The past couple of months have been eventful for the video games community, despite this having been the usual quiet summer period.

However these events were not wholly as a result from video games themselves. Rather instead the community itself was the centre of the news stories.

The video game community has always been an opinionated one, but it is also one that is very much on the defensive. For years the medium has found itself having to actively defend against external elements threatening to harm and restrict it. Thankfully, the worst of these days have seemed to have passed, with the last of the threats such as Californian State Senator, Leland Lee having been arrested on corruption charges and subsequently suspended.

Whilst other lesser threats still exist, these mainly come from less reputable news outlets such as Fox News and The Daily Mail. Both outlets have a history of making baseless and/or poorly researched claims. It is unfortunate that negative instances from these sources still exist, although the frequency has lessened considerably.

With the number of external threats having dropped, the community has since turned inward; rooting out internal criticisms and mistaking them as new threats. This has resulted in those calling for change within the medium, or just calling out bad practises, being hounded online by what can be thousands of people who disagree with the statements and observations made by select individuals.

This is in part because with the major threats removed and a protracted previous console generation, a status quo has established itself which has provided a form of safety net for some. Gamers have often argued against the stereotype of the “loner playing games in their parents’ basement”, but there are a number of people who find security in not just the virtual worlds that video games provide, but also the camaraderie over a shared interest that exists online. For those that find themselves escaping from various negative aspects of the real world, video games and the internet as a whole are a domain where they suddenly have power over their lives and a place where they now have a voice; a voice which, when shared with others of a similar mind. echoes loudly. This can result in a cacophony of hate.

It now goes without saying that Anita Sarkeesian has experienced the worst of this. What started as a series of YouTube videos highlighting the negative ways in which women have been represented in video games has led to Sarkeesian fearing for not just her life but also the lives of her family. Her videos have always generated negative comments around the web, particularly on social media, and she has been resilient enough to continue.

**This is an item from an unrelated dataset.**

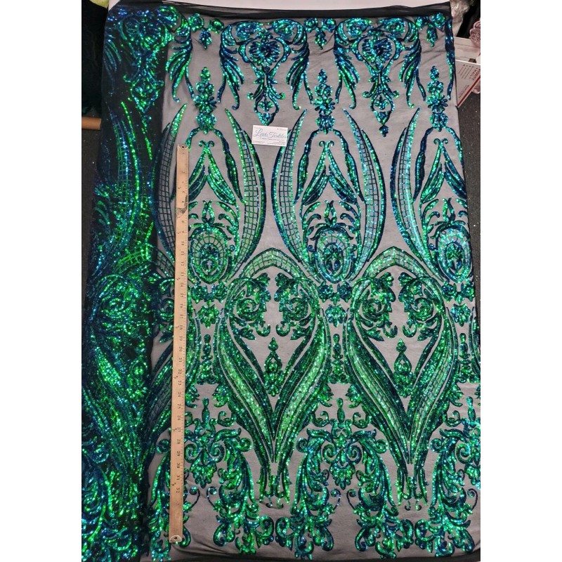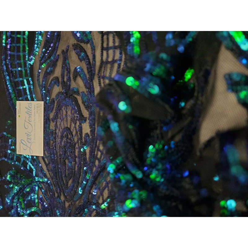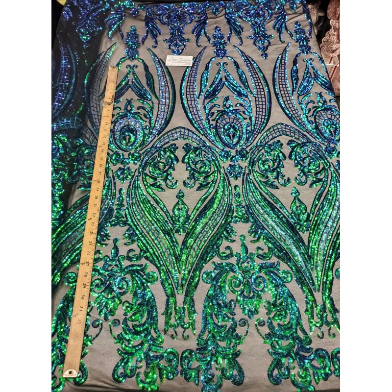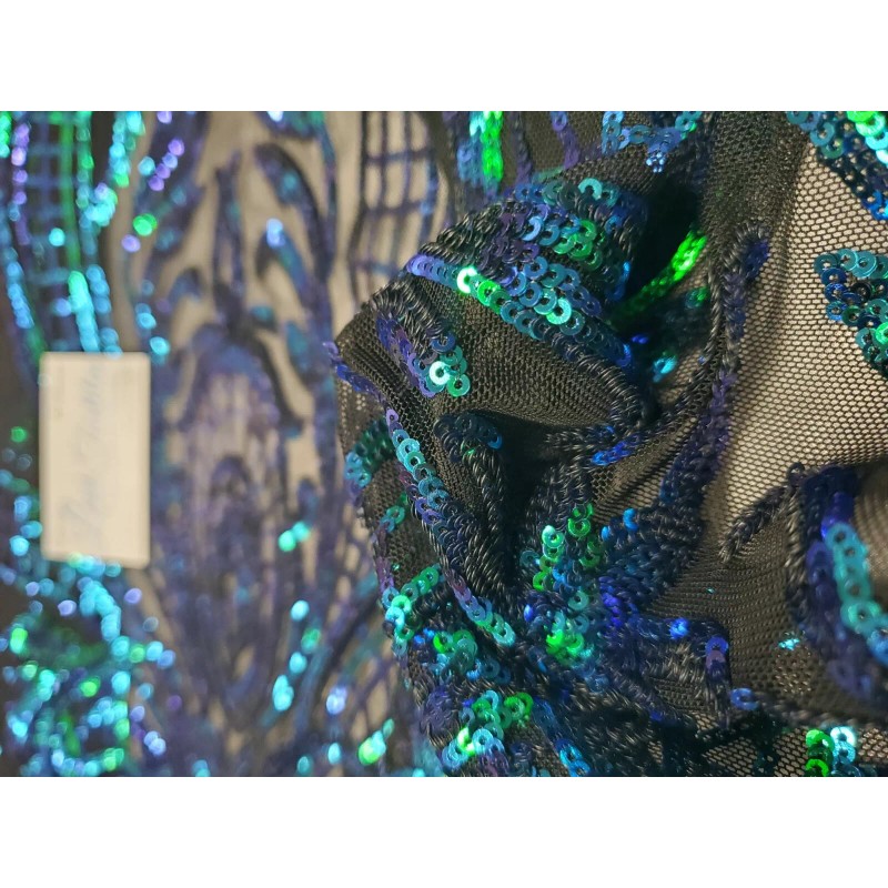 - Features: Iridescent, Sequin embroidered, 4 Way stretch, sequin lace, spandex, shiny, bling, Embroidered, Hologram

However, her most recent video, which was no different in content to previous entries (it was part 2 on the topic of women as background decoration), somehow managed to (for lack of a better term) “blow up”.

This was unusual as previous episodes had been more critical of the mediums portrayal of women and had been blunter in doing so. The sad thing about Sarkeesian’s series is that her overall message and goal is not shocking or radical. Feminism is continually portrayed as being anti-male and therefore pro-female, when the core ideology of feminism is for women to be treated equally. Yet because of the negative connotations associated with feminism and its use there are a core minority of males who fear that feminists are now trying to take away their video games; that a new threat has emerged to break apart the status quo.

Those who are interested in technology and video games have a tendency to be more liberal than those who are not. Yet by examining the nature of inequality within video games Sarkeesian has unintentionally brought to the surface the very misogyny that she wanted to remove from video games; an ugly side of the video game community that has been hiding underneath and present on the fringes, but now has become exposed to the world. The Daily Mail might not be writing about the dangers of video games, but when respected newspapers, such as The Telegraph, are reporting on the abuse directed towards women linked to the industry it re-establishes the stereotype that video games are a boys club with a crudely drawn sign on the door saying ‘no girls allowed’.

Shortly after the awful situation involving Sarkeesian emerged “Gamergate” presented itself as the next supposed big threat to video games. Once again women were unfairly at the centre of the “issue”. Indie developer Zoe Quinn (notable for her game Depression Quest) was accused of exploiting a past relationship with a journalist for Kotaku in return for favourable reviews. These claims were initiated by her most recent partner after learning that he had been cheated on. Kotaku investigated the claims and found that no favour had been delivered towards Quinn or her game by the implicated journalist, who had not even reviewed her game, although he had written a piece on her prior to their relationship.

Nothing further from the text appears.